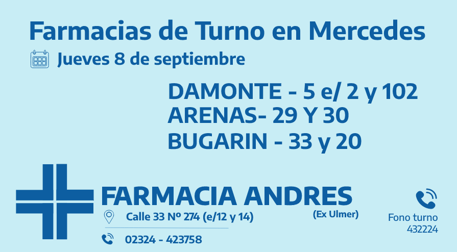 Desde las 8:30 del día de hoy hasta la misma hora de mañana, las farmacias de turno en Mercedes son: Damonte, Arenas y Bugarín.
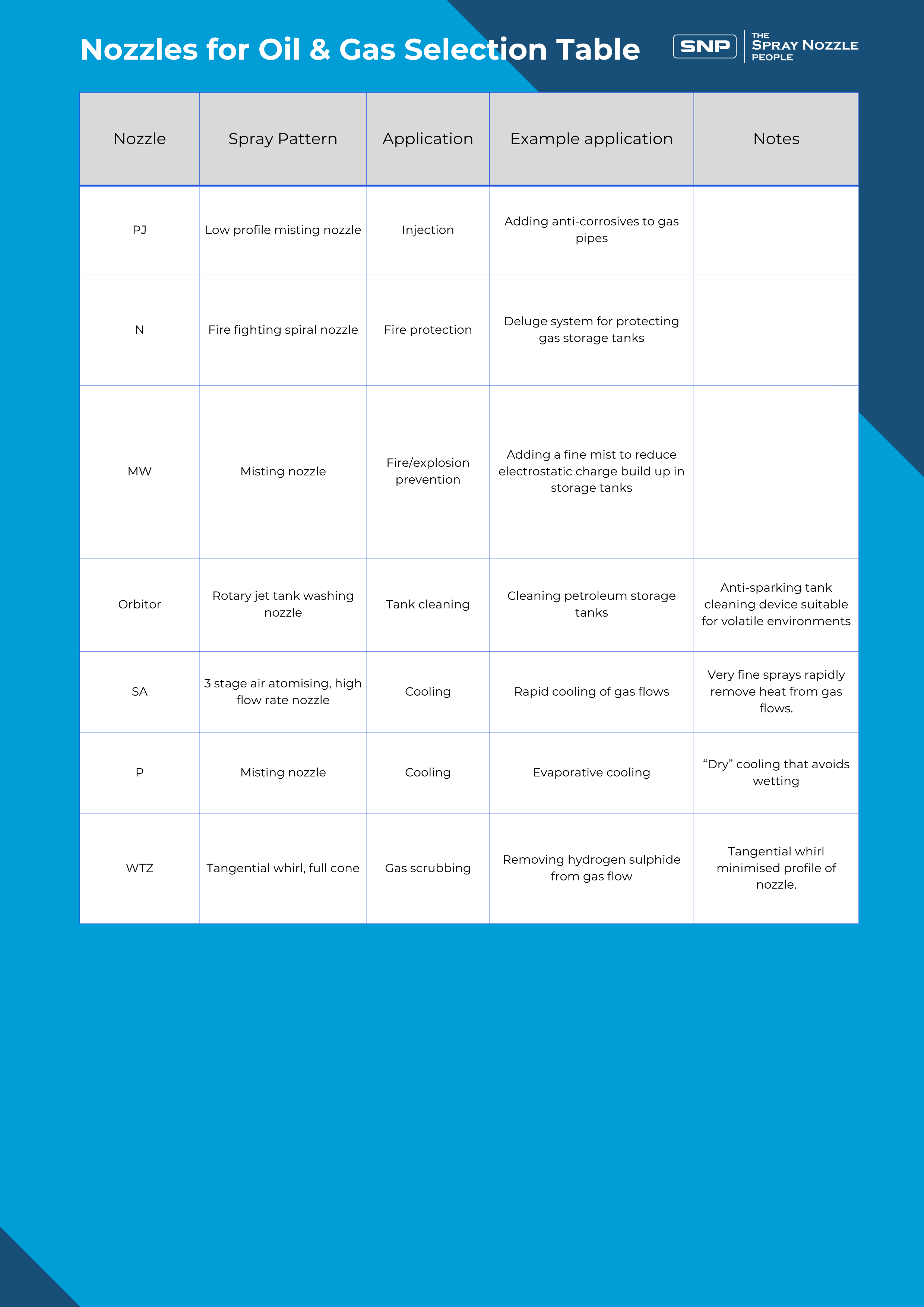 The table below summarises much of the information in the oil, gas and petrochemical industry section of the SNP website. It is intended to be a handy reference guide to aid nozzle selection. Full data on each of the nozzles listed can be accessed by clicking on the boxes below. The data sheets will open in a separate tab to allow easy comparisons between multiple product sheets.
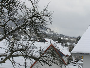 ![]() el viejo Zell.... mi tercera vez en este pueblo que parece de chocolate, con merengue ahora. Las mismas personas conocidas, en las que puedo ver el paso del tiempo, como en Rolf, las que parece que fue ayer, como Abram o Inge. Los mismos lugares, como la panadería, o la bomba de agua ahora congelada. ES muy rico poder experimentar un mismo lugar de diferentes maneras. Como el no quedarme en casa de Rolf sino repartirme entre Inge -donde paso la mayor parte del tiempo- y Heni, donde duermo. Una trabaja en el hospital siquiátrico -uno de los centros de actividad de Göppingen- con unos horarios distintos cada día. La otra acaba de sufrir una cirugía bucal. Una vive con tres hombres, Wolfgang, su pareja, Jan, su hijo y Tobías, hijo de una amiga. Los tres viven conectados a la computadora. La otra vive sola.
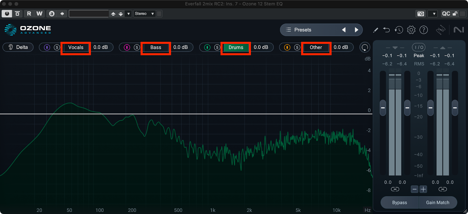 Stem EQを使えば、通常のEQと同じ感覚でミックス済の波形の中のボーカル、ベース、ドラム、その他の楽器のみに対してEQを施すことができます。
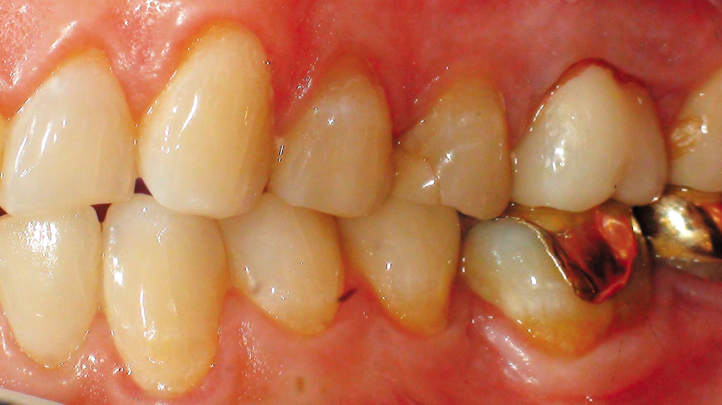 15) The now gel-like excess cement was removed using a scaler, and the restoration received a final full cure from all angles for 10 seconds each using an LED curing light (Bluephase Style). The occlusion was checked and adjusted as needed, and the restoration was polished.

┄┄┄┄┄┄┄┄┄┄

[WHAT IS REQUIRED]:
Copy out the material exactly as it stands, though no picture should appear in the copy.

[REPLY TO THE TASK]:
 Desde las 8:30 del día de hoy hasta la misma hora de mañana, las farmacias de turno en Mercedes son: Damonte, Arenas y Bugarín.
 The table below summarises much of the information in the oil, gas and petrochemical industry section of the SNP website. It is intended to be a handy reference guide to aid nozzle selection. Full data on each of the nozzles listed can be accessed by clicking on the boxes below. The data sheets will open in a separate tab to allow easy comparisons between multiple product sheets.
 ![]() el viejo Zell.... mi tercera vez en este pueblo que parece de chocolate, con merengue ahora. Las mismas personas conocidas, en las que puedo ver el paso del tiempo, como en Rolf, las que parece que fue ayer, como Abram o Inge. Los mismos lugares, como la panadería, o la bomba de agua ahora congelada. ES muy rico poder experimentar un mismo lugar de diferentes maneras. Como el no quedarme en casa de Rolf sino repartirme entre Inge -donde paso la mayor parte del tiempo- y Heni, donde duermo. Una trabaja en el hospital siquiátrico -uno de los centros de actividad de Göppingen- con unos horarios distintos cada día. La otra acaba de sufrir una cirugía bucal. Una vive con tres hombres, Wolfgang, su pareja, Jan, su hijo y Tobías, hijo de una amiga. Los tres viven conectados a la computadora. La otra vive sola.
 Stem EQを使えば、通常のEQと同じ感覚でミックス済の波形の中のボーカル、ベース、ドラム、その他の楽器のみに対してEQを施すことができます。
 15) The now gel-like excess cement was removed using a scaler, and the restoration received a final full cure from all angles for 10 seconds each using an LED curing light (Bluephase Style). The occlusion was checked and adjusted as needed, and the restoration was polished.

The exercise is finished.